Data excerpt »

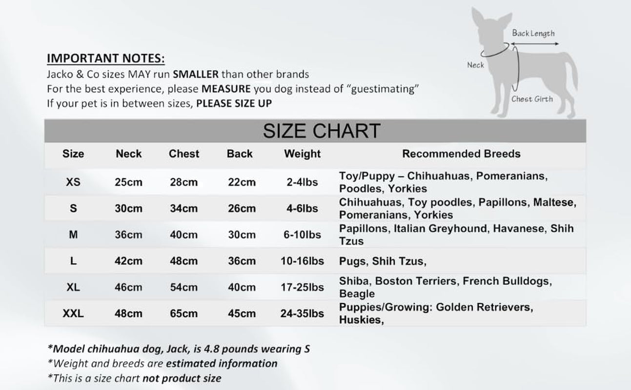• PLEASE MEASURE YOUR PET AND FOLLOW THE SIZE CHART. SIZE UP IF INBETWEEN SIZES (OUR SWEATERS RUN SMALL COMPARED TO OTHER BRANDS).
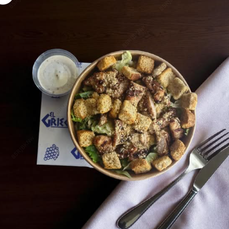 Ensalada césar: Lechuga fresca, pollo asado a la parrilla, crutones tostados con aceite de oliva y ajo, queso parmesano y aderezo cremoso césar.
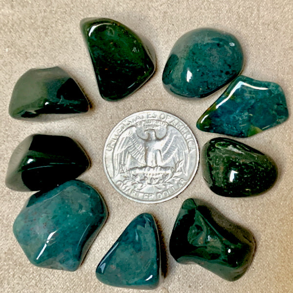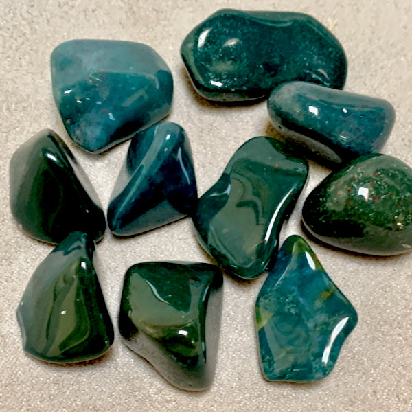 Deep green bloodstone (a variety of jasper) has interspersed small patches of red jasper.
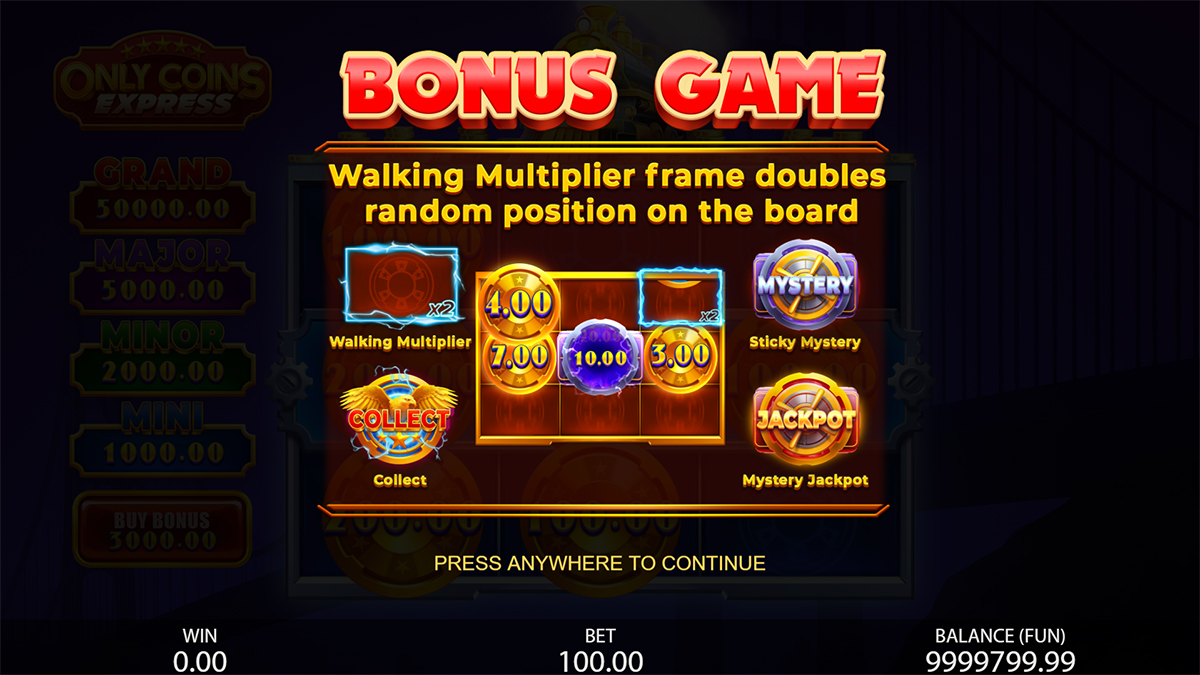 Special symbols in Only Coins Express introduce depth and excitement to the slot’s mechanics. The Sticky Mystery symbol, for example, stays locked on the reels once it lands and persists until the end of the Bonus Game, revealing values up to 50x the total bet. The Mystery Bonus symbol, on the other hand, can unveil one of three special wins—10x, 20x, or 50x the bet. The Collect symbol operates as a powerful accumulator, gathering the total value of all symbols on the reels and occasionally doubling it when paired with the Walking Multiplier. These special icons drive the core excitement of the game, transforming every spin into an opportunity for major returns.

Activity » A word-for-word copy of the lines from the one with "Ensalada césar: Lechuga" through the final line of the listing above is the whole answer, and it contains no pictures.

Answer section »
 Ensalada césar: Lechuga fresca, pollo asado a la parrilla, crutones tostados con aceite de oliva y ajo, queso parmesano y aderezo cremoso césar.
 Deep green bloodstone (a variety of jasper) has interspersed small patches of red jasper.
 Special symbols in Only Coins Express introduce depth and excitement to the slot’s mechanics. The Sticky Mystery symbol, for example, stays locked on the reels once it lands and persists until the end of the Bonus Game, revealing values up to 50x the total bet. The Mystery Bonus symbol, on the other hand, can unveil one of three special wins—10x, 20x, or 50x the bet. The Collect symbol operates as a powerful accumulator, gathering the total value of all symbols on the reels and occasionally doubling it when paired with the Walking Multiplier. These special icons drive the core excitement of the game, transforming every spin into an opportunity for major returns.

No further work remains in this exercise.